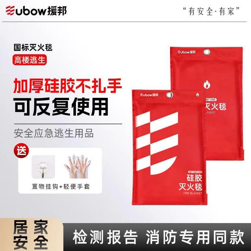 Fire extinguishing blanket, special fire blanket for fire protection, national standard kitchen household commercial fire escape coat, cloak, flame retardant blanket, 1*1 meter bag - free hook gloves, upgraded and thickened
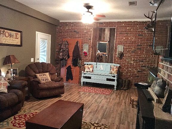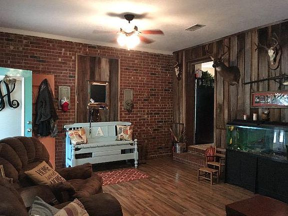 This country brick home is nestled in the canopy of beautiful large oak trees. Located on the corner of Mathis Road and the Broxton Highway this home has 2 acres and outside storage buildings. The home has a warm cozy charm with the accented reclaimed barn wood in the den. The home has many upgrades including plank style laminated wood flooring, ceramic tile, kitchen island, new appliances, carport, vinyl eaves and soffits. The kitchen offers an eat in kitchen island and open to the family room. The 3 bedroom, 2 bath home offers 1715 sq ft of living space. A sunroom is an added feature of this home allowing extended space and several options. A workshop/man cave is located outback for cooking out or just sitting by the fire pit relaxing.
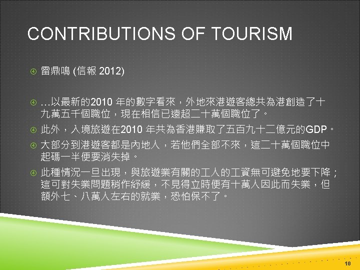 CONTRIBUTIONS OF TOURISM Data shows that tourism and capital are ‘complements in production’ Tourism and labor are ‘complements in production’ as well. Source: Jin 2011 9
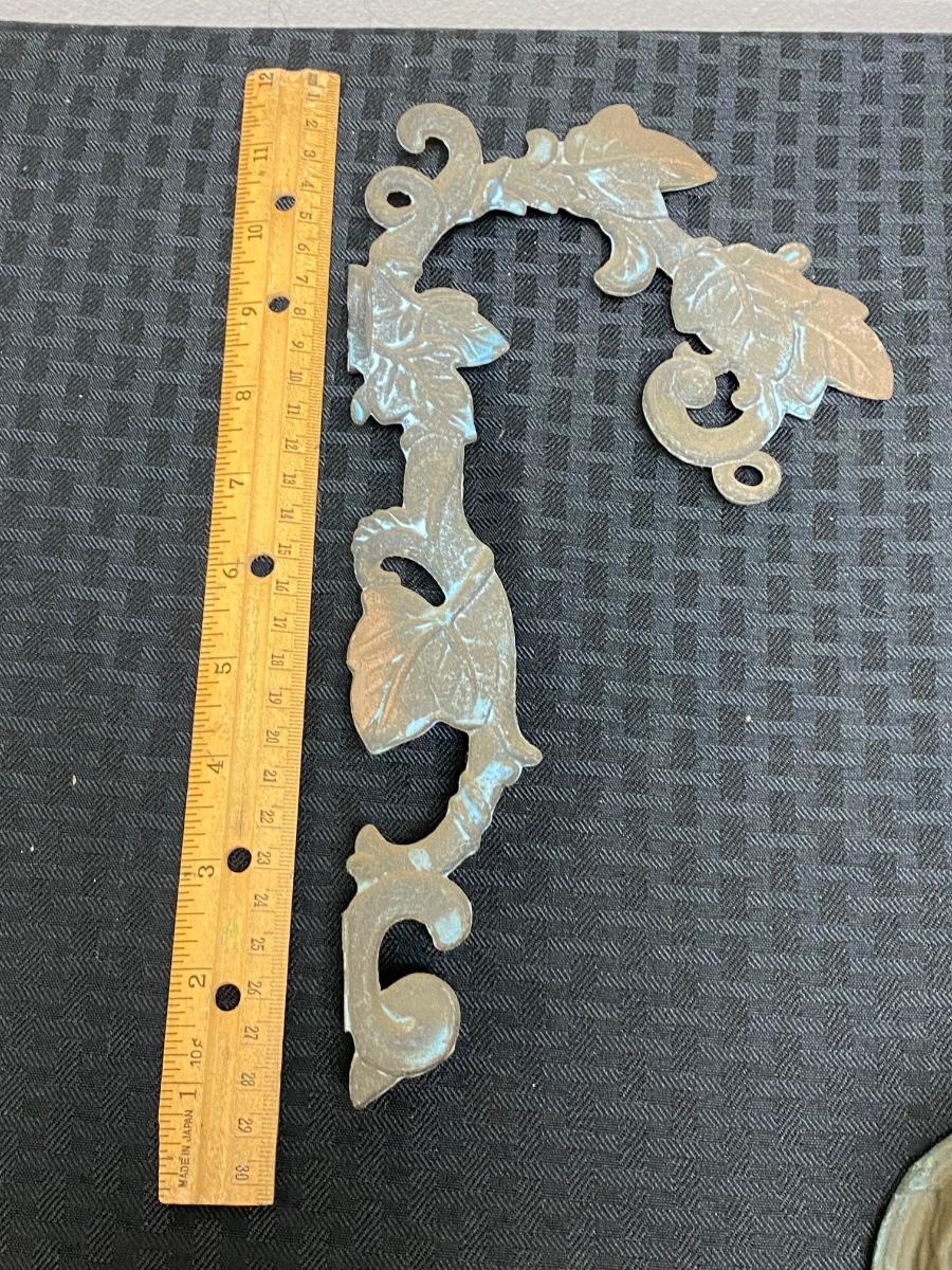 Nicely weathered bell with hanging bracket. Leaf and vine pattern. Great weathered patina.
───
What the exercise asks = For this exercise, give the listing again exactly as written, with the pictures omitted.

Response to this task =
 Fire extinguishing blanket, special fire blanket for fire protection, national standard kitchen household commercial fire escape coat, cloak, flame retardant blanket, 1*1 meter bag - free hook gloves, upgraded and thickened
 This country brick home is nestled in the canopy of beautiful large oak trees. Located on the corner of Mathis Road and the Broxton Highway this home has 2 acres and outside storage buildings. The home has a warm cozy charm with the accented reclaimed barn wood in the den. The home has many upgrades including plank style laminated wood flooring, ceramic tile, kitchen island, new appliances, carport, vinyl eaves and soffits. The kitchen offers an eat in kitchen island and open to the family room. The 3 bedroom, 2 bath home offers 1715 sq ft of living space. A sunroom is an added feature of this home allowing extended space and several options. A workshop/man cave is located outback for cooking out or just sitting by the fire pit relaxing.
 CONTRIBUTIONS OF TOURISM Data shows that tourism and capital are ‘complements in production’ Tourism and labor are ‘complements in production’ as well. Source: Jin 2011 9
 Nicely weathered bell with hanging bracket. Leaf and vine pattern. Great weathered patina.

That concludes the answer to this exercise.